Galactic Origin of Relativistic Bosons and XENON1T Excess
Jatan Buch, Manuel A. Buen-Abad, JiJi Fan, John Shing Chau Leung

TL;DR
The paper investigates whether relativistic bosons from dark matter decay or annihilation in our galaxy could explain the XENON1T excess, concluding current bounds prevent this explanation under existing constraints.
Contribution
It establishes model-independent upper bounds on relativistic boson fluxes from galactic dark matter and assesses their inability to account for the XENON1T excess within current experimental limits.
Findings
Galactic dark matter decay/annihilation cannot produce enough relativistic bosons to explain the XENON1T excess.
Derived upper bounds on boson fluxes are independent of boson identity or couplings.

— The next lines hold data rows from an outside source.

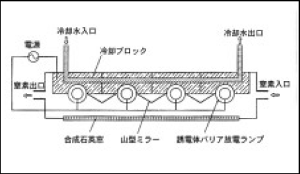 ランプを複数本組込んだ平面光源の基本構造を図5-7で説明する。ランプは水冷されている冷却ブロックに4本取り付けられ、並列点灯される。ランプとランプの間には光出力の分布を均一にする為の山形ミラーが取り付けられている。ランプ前面には光を取出すための石英ガラス窓が配置されていて、ランプハウス内部は窒素でパージされている。原理的にはこのような構成で幾らでも大きい面積の平面光源を作ることが出来る。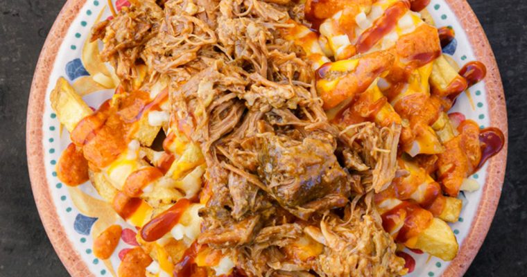 - Extiende uniformemente la carne de cerdo deshilachada sobre las patatas.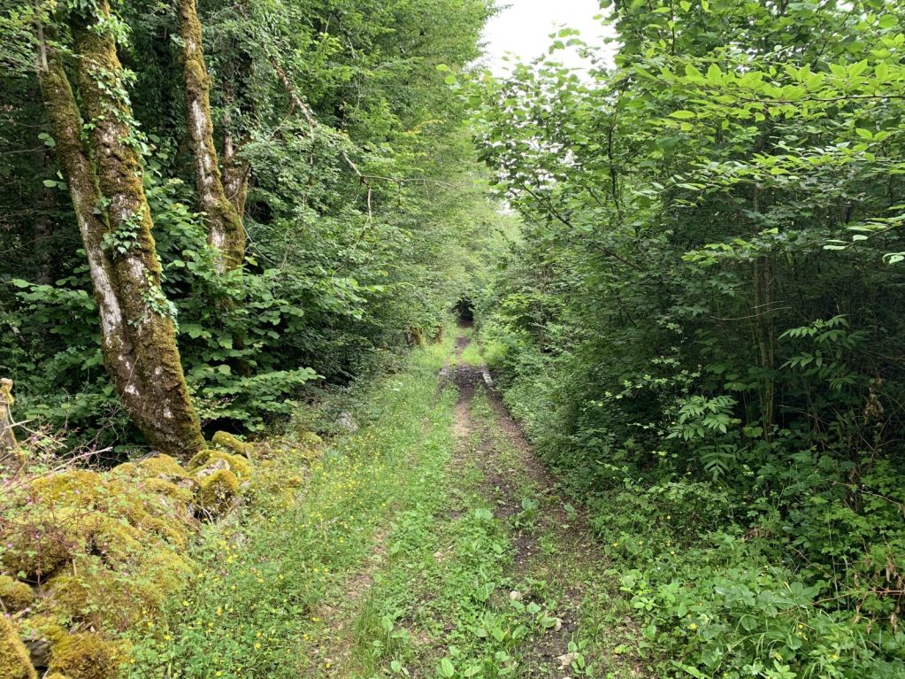 Traverser la D53, se diriger vers le cimetière. Emprunter le chemin à droite du cimetière et descendre vers la D53a. Au niveau de la route goudronnée, bifurquer à gauche, longer les ruines de l'abbaye Saint-Sulpice. Passer au bas de la maison forestière, suivre le chemin de Saint-Sulpice qui monte en pente raide à travers la forêt de Jailloux. Le sentier se stabilise horizontalement puis horizontalement puis redescend sur 2 carrefours.
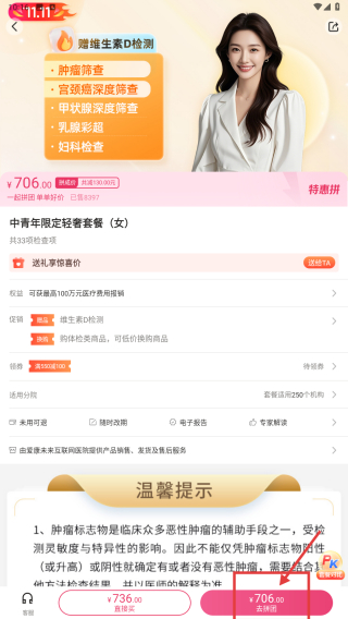 4、在套餐詳情頁,點(diǎn)擊去購買按鈕,完成體檢套餐的選購操作。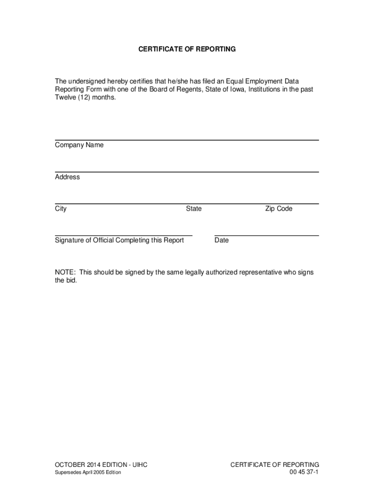 CERTIFICATE OF Reporting undersigned hereby certifies that he/she has filed an Equal Employment Data Reporting Form with one of the Board of Regents, State of Iowa, Institutions in the past Twelve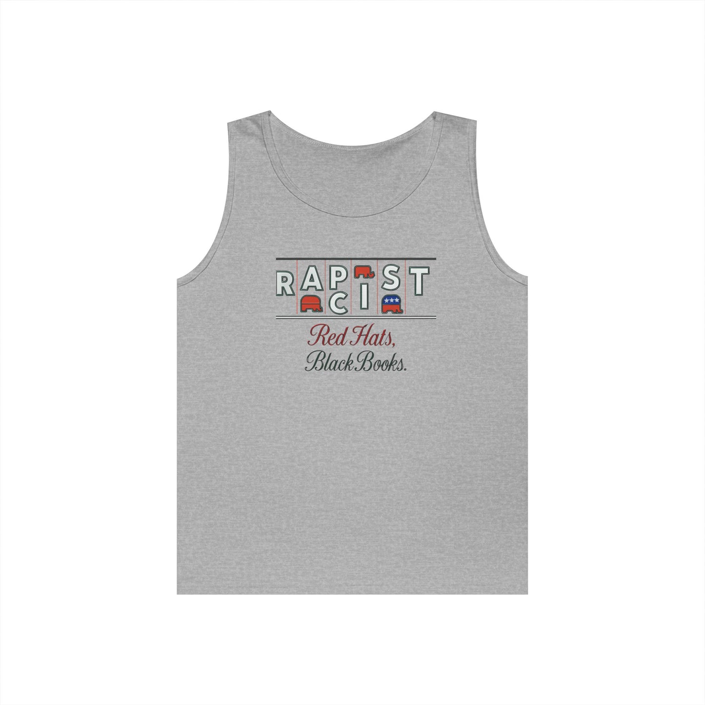 Red Hats, Black Books. Unisex Heavy Cotton Tank Top - Fun Summer Staple, Perfect for Festivals, Casual Wear, Gift for Book Lovers, Great for Hot Days
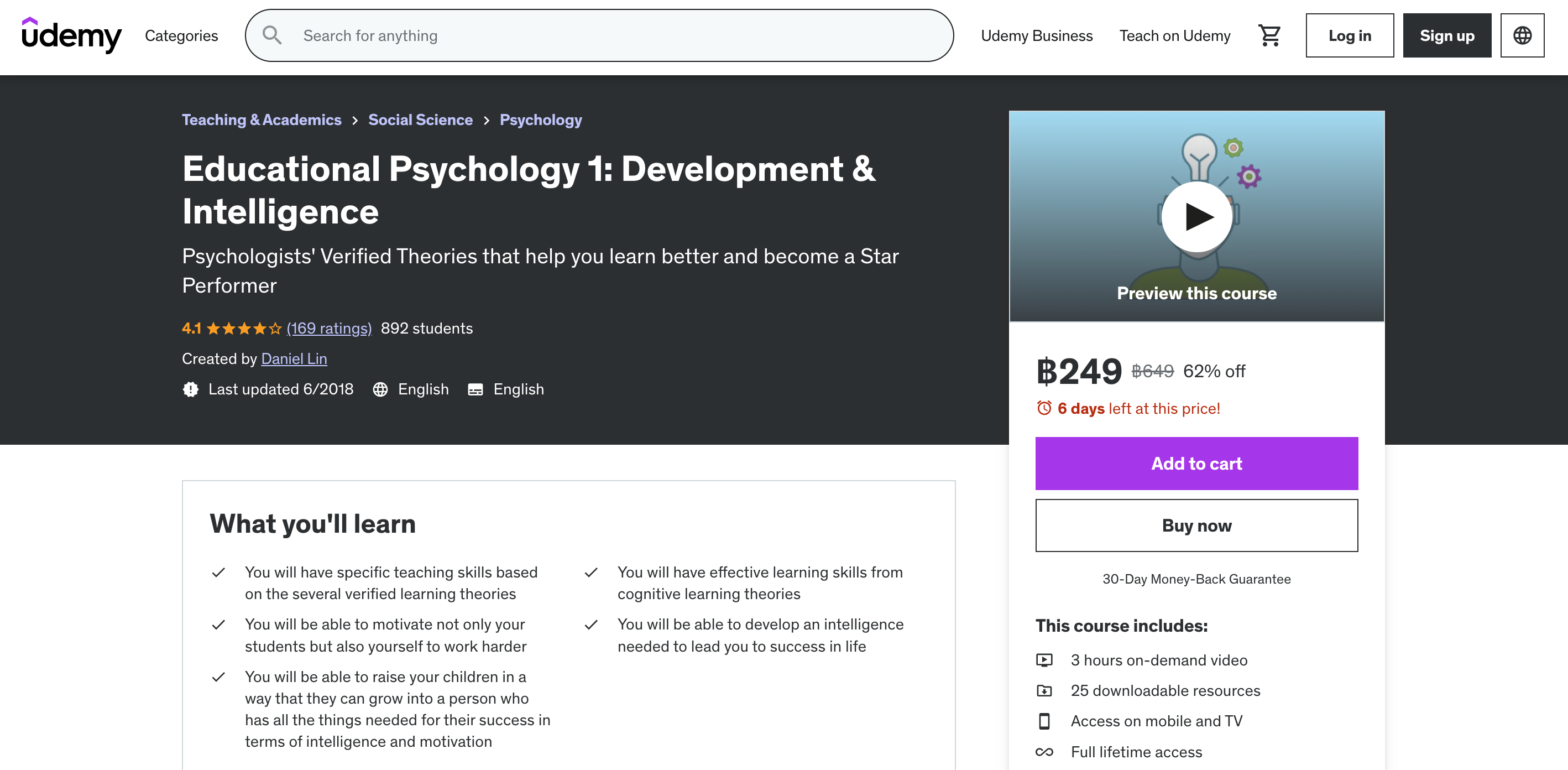 สำหรับแหล่งเรียนรู้สุดท้าย อีกหนึ่งแพลตฟอร์มขนาดใหญ่ระดับโลกที่ต้องแนะนำก็คือ Udemy นั่นเองค่ะ จุดเด่นคือเป็นแพลตฟอร์มขนาดใหญ่มาก มีคอร์สรวมทุกวิชามากกว่า 155,000 คอร์ส และยังสอนโดยอาจารย์จากสถาบันชื่อดังในหลากหลายประเทศ ในหมวดจิตวิทยา มีให้เลือกตั้งแต่ระดับเริ่มต้นจนถึงระดับสูง ราคายังไม่แพง เริ่มต้นที่เพียงแค่ 299 บาทก็มีสำหรับคอร์สเริ่มต้นระยะสั้นๆ

Current experimental constraints prevent relativistic bosons from explaining the XENON1T anomaly.
Abstract
We entertain the exotic possibility that dark matter (DM) decays or annihilations taking place in our galaxy may produce a flux of relativistic very weakly-coupled bosons, axions or dark photons. We show that there exist several upper bounds for this flux on Earth assuming generic minimal requirements for DM, such as a lifetime longer than the age of the Universe or an annihilation rate that leaves unaffected the background evolution during matter domination. These bounds do not depend on the identity or the couplings of the bosons. We then show that this new flux cannot be large enough to explain the recent XENON1T excess, while assuming that the bosons' couplings to the Standard Model are consistent with all current experimental and observational constraints. We also discuss a possible caveat to these bounds and a route to explain the excess.